(What needs to be done)
Could you repeat the entries below exactly, but only from the line with "En la nueva" through the line with "アイリスの花がもう咲き始めま", and without any picture?

(Records contained in a dataset)
Start of Block
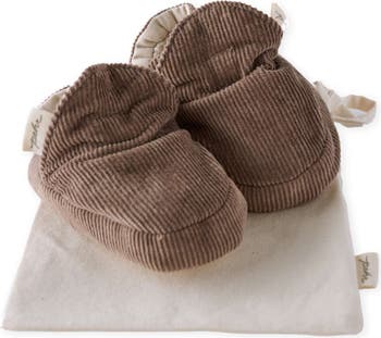 An elasticized opening ensures a stay-on fit as baby goes about their day in this soft, canvas-sole bootie shaped from breathable, organic-cotton corduroy.
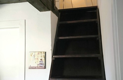 Opposite the kitchen is the bathroom with shower and toilet and next to a wooden staircase to a gallery with double bed.
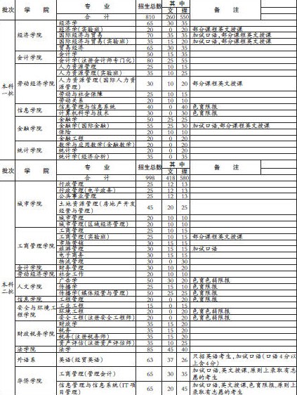 該校分為兩個批次錄取。第一批有21個專業(yè)及專業(yè)方向,計劃錄取總數(shù)為810人,其中文科260人,理科550人。第二批次有29個專業(yè)及專業(yè)方向,計劃錄取總數(shù)為998人,其中文科418人,理科580人。
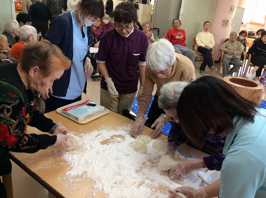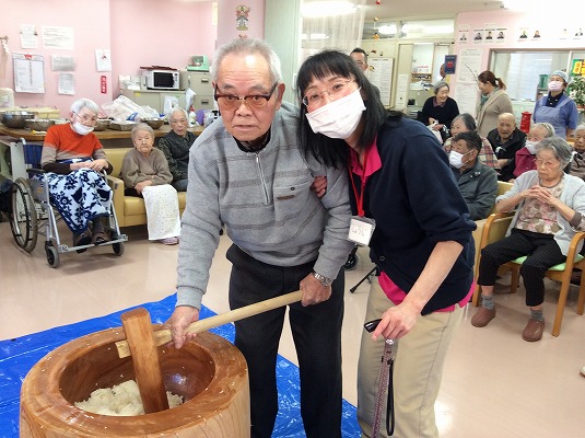 ご利用されている皆様と職員合同で餅をつき鏡餅を作りました。皆様のご協力で「よいしょー!よいしょー!」と活気あふれる行事となりました。
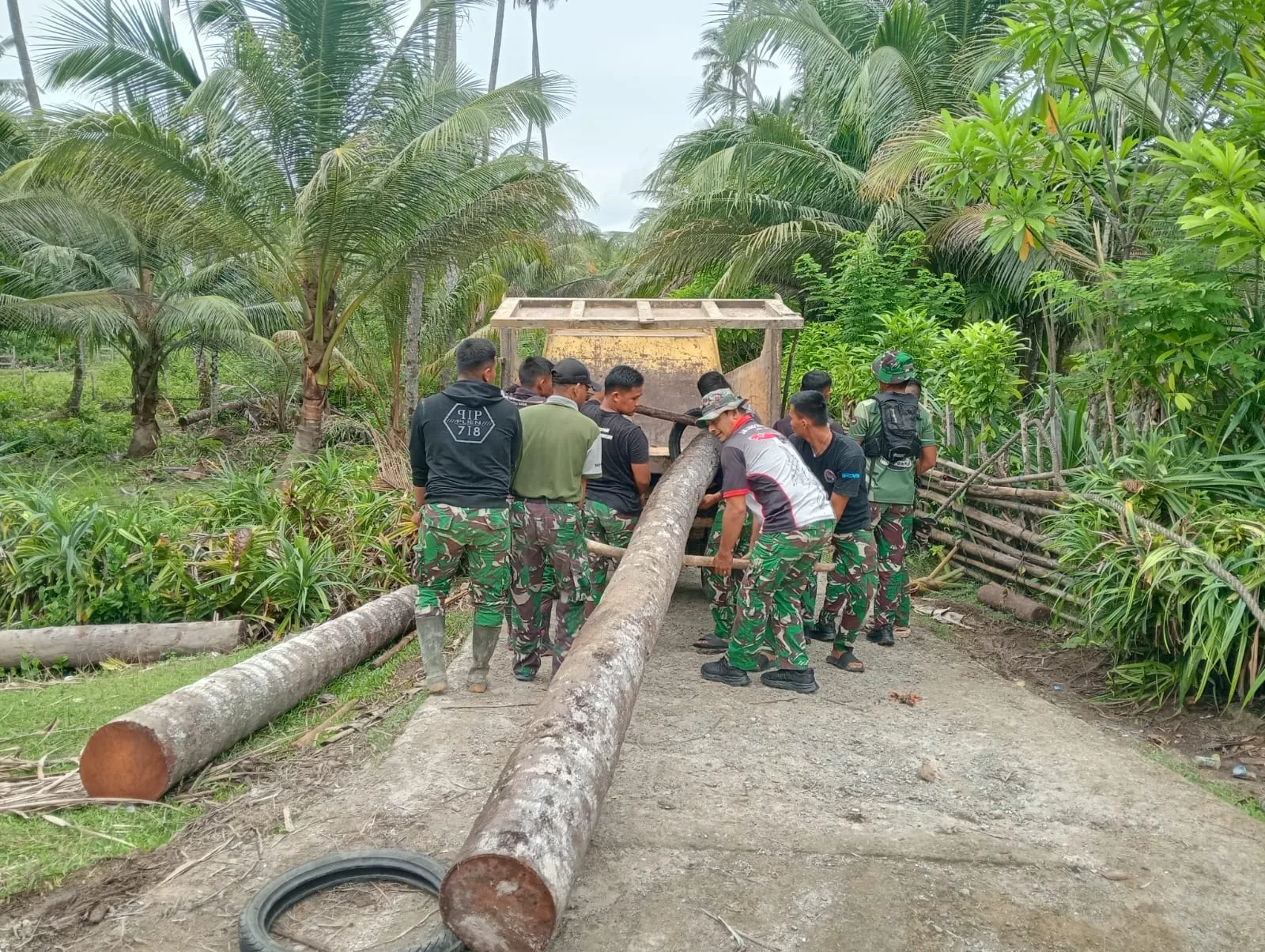 Hal ini terbukti pada pelaksanaan pengerjaan TMMD, masyarakat bersama dengan anggota Satgas TMMD bahu membahu menggenjot pengerjaan sasaran fisik dengan semangat seperti pada dalam pengerjaan contoh pada saat ini bersama menggotong batang kelapa untuk beberapa sasaran fisik.
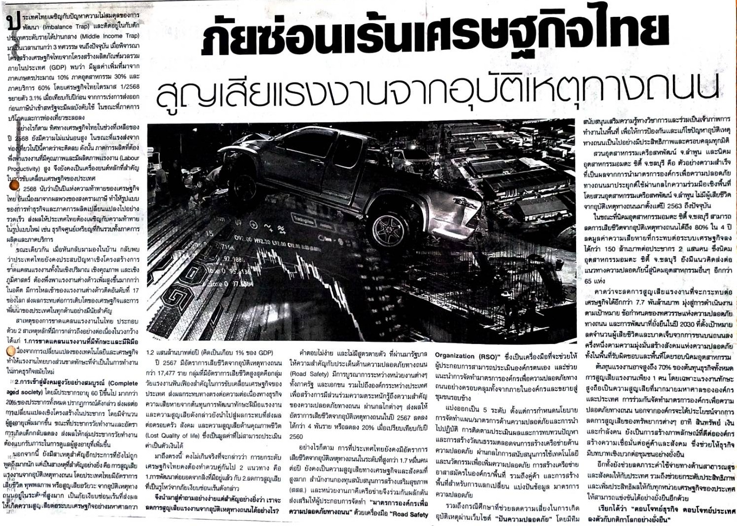 ภัยซ่อนเร้นเศรษกิจไทยสูญเสียแรงงานจากอุบัติเหตุทางถนน (มติชน น5)
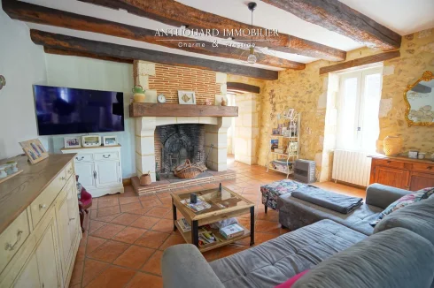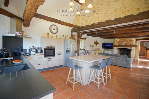 Large living room with fireplace and beautiful fitted kitchen, opening onto the terrace.
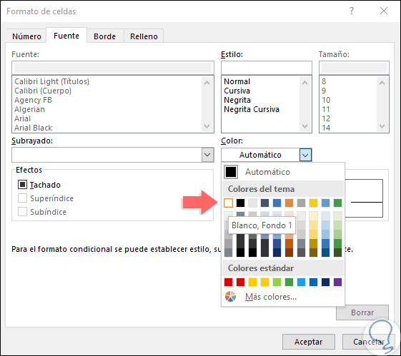 En la nueva ventana vamos a la pestaña “Fuente” y en Colores seleccionamos Blanco:
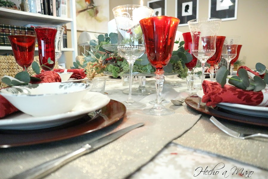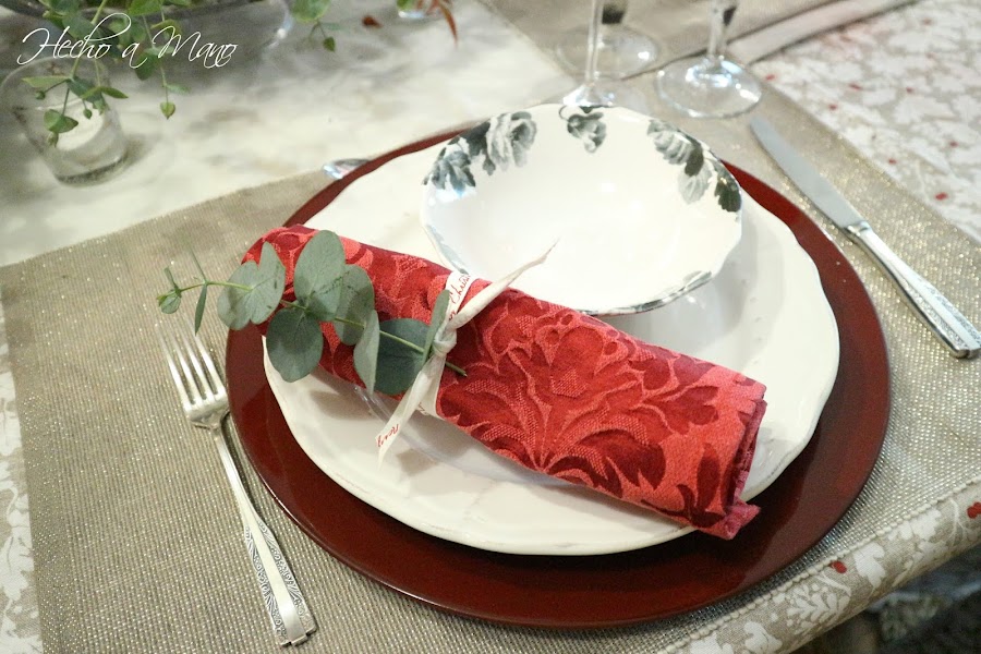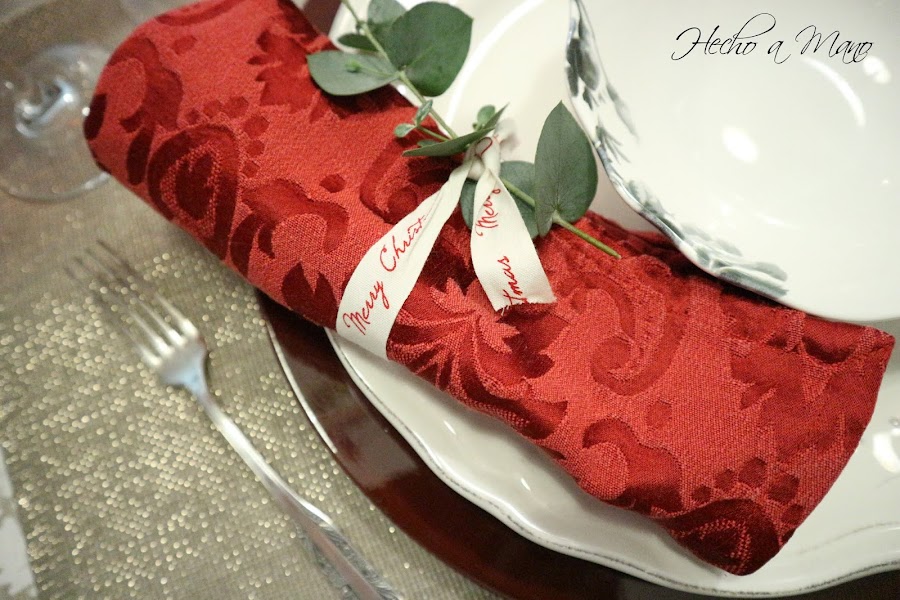 Deseos de una Navidad feliz pueden leerse en la cinta que rodea a la servilleta que es de color rojo inglés, junto a una rama de eucalipto.
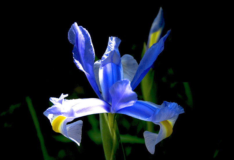 アイリスの花がもう咲き始めました。昨日の昼下がり日差しのある内にと思い写した時は、一輪が朝顔の蕾のような姿でしたが、今日の雨の中、僅か一日で立派に開花していました。
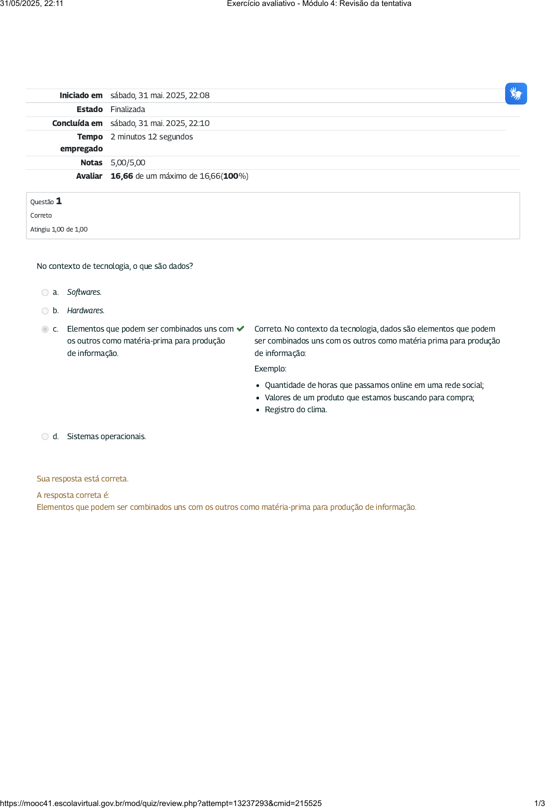 Iniciado em sábado, 31 mai. 2025, 22:08 Estado Finalizada Concluída em sábado, 31 mai. 2025, 22:10 Tempo empregado 2 minutos 12 segundos Notas 5,00/5,00 Avaliar 16,66 de um máximo de 16,66(100%) Questão 1 Correto Atingiu 1,00 de 1,00 No contexto de tecnologia, o que são dados? a. Softwares. b. Hardwares. c. Elementos que podem ser combinados uns com os outros como matéria-prima para produção de informação. Correto. No contexto da tecnologia, dados são elementos que podem ser combinados uns com os outros como matéria prima para produção de informação: Exemplo: Quantidade de horas que passamos online em uma rede social; Valores de um produto que estamos buscando para compra; Registro do clima. d. Sistemas operacionais. Sua resposta está correta. A resposta correta é: Elementos que podem ser combinados uns com os outros como matéria-prima para produção de informação. 31/05/2025, 22:11 Exercício avaliativo - Módulo 4: Revisão da tentativa https://mooc41.escolavirtual.gov.br/mod/quiz/review.php?attempt=13237293&cmid=215525 1/3 Questão 2 Correto Atingiu 1,00 de 1,00 Questão 3 Correto Atingiu 1,00 de 1,00 Indique uma circunstância de vazamento de dados: a. Um colaborador acessou informações restritas apenas com autorização e seguindo as políticas de segurança. b. Um hacker coletou informações pessoais de clientes de um banco, sem permissão, e as divulgou on-line. Correto. O vazamento de dados é quando informações confidenciais ou privadas de uma pessoa, empresa ou organização são acidentalmente ou intencionalmente expostas ao público ou a pessoas não autorizadas. c. Um sistema de backup foi ativado automaticamente para restaurar dados após uma falha de servidor. d. Um usuário alterou sua senha de forma segura após um aviso de política de segurança da empresa. Sua resposta está correta. A resposta correta é: Um hacker coletou informações pessoais de clientes de um banco, sem permissão, e as divulgou on-line. É um dos riscos de quando misturamos dados corporativos com dados pessoais: a. Phishing. Correto. Clicando em um link contaminado por um phishing você pode contaminar seu email pessoal e corporativo. b. Ter uma conta separada. c. Ter um perfil separado para o trabalho. d. Alertas e notificações. Sua resposta está correta. A resposta correta é: Phishing. 31/05/2025, 22:11 Exercício avaliativo - Módulo 4: Revisão da tentativa https://mooc41.escolavirtual.gov.br/mod/quiz/review.php?attempt=13237293&cmid=215525 2/3 Questão 4 Correto Atingiu 1,00 de 1,00 Questão 5 Correto Atingiu 1,00 de 1,00 Ao criar um login de acesso, como evitar uma senha preguiçosa (fraca)? a. Usar palavras não encontradas em dicionário e combinar números aleatórios, sem sequência ou significado pessoal. Correto. Recomenda-se criar senhas fortes, que não sejam palavras encontradas em dicionário e que não possuam uma sequência de número previsíveis. Para números, evitar sequências ou aqueles que possuam relação direta com você, como sua data de aniversário ou placa de seu carro. b. Criar senha com uma data de nascimento conhecida do usuário. c. Criar senha com nomes de familiares. d. Ter a mesma senha para várias contas. Sua resposta está correta. A resposta correta é: Usar palavras não encontradas em dicionário e combinar números aleatórios, sem sequência ou significado pessoal. É uma consequência quando acontece um vazamento de dados em uma empresa: a. Perda de confiança de clientes ou usuários. Correto. Uma das principais consequências quando acontecem vazamentos de dados em uma empresa é a perda de confiança dos clientes ou usuário podendo até mesmo prejudicar a imagem da instituição. b. Consciência de segurança da informação. c. Atualizações e Patches. d. Firewall e Antivírus. Sua resposta está correta. A resposta correta é: Perda de confiança de clientes ou usuários. ◄ Conteúdo do módulo 4 Seguir para... Conteúdo do módulo 5 ► 31/05/2025, 22:11 Exercício avaliativo - Módulo 4: Revisão da tentativa https://mooc41.escolavirtual.gov.br/mod/quiz/review.php?attempt=13237293&cmid=215525 3/3 https://mooc41.escolavirtual.gov.br/mod/url/view.php?id=215524&forceview=1 https://mooc41.escolavirtual.gov.br/mod/url/view.php?id=215526&forceview=1
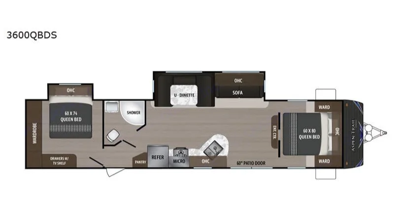 Ideal for active families, this RV features a rear entry bathroom for dirty feet.
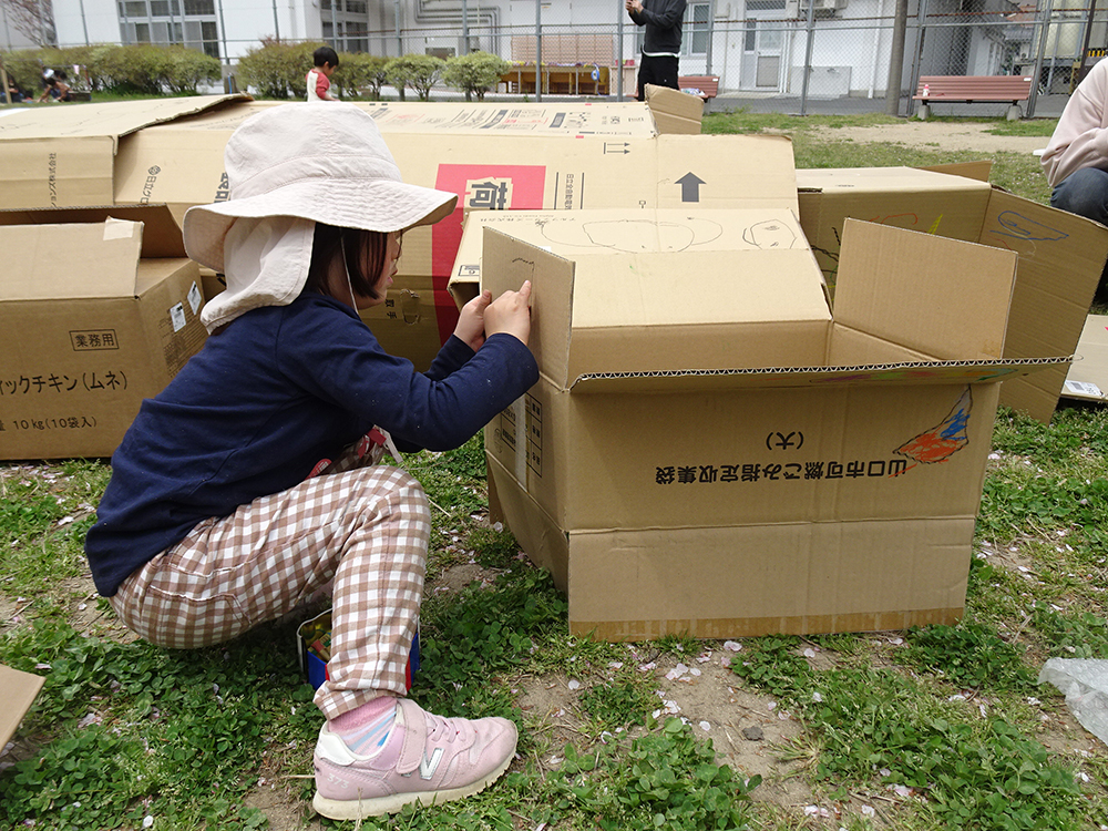なにをしてもいい、なにもしなくてもいい遊び場。やりたいことを見つけてあそぼう。こままわし、けん玉、ダンボール遊び、ジャグリングやフラフープなどいろんなあそびが出来るよ。
End of Block
(Solution)
 En la nueva ventana vamos a la pestaña “Fuente” y en Colores seleccionamos Blanco:
 Deseos de una Navidad feliz pueden leerse en la cinta que rodea a la servilleta que es de color rojo inglés, junto a una rama de eucalipto.
 アイリスの花がもう咲き始めました。昨日の昼下がり日差しのある内にと思い写した時は、一輪が朝顔の蕾のような姿でしたが、今日の雨の中、僅か一日で立派に開花していました。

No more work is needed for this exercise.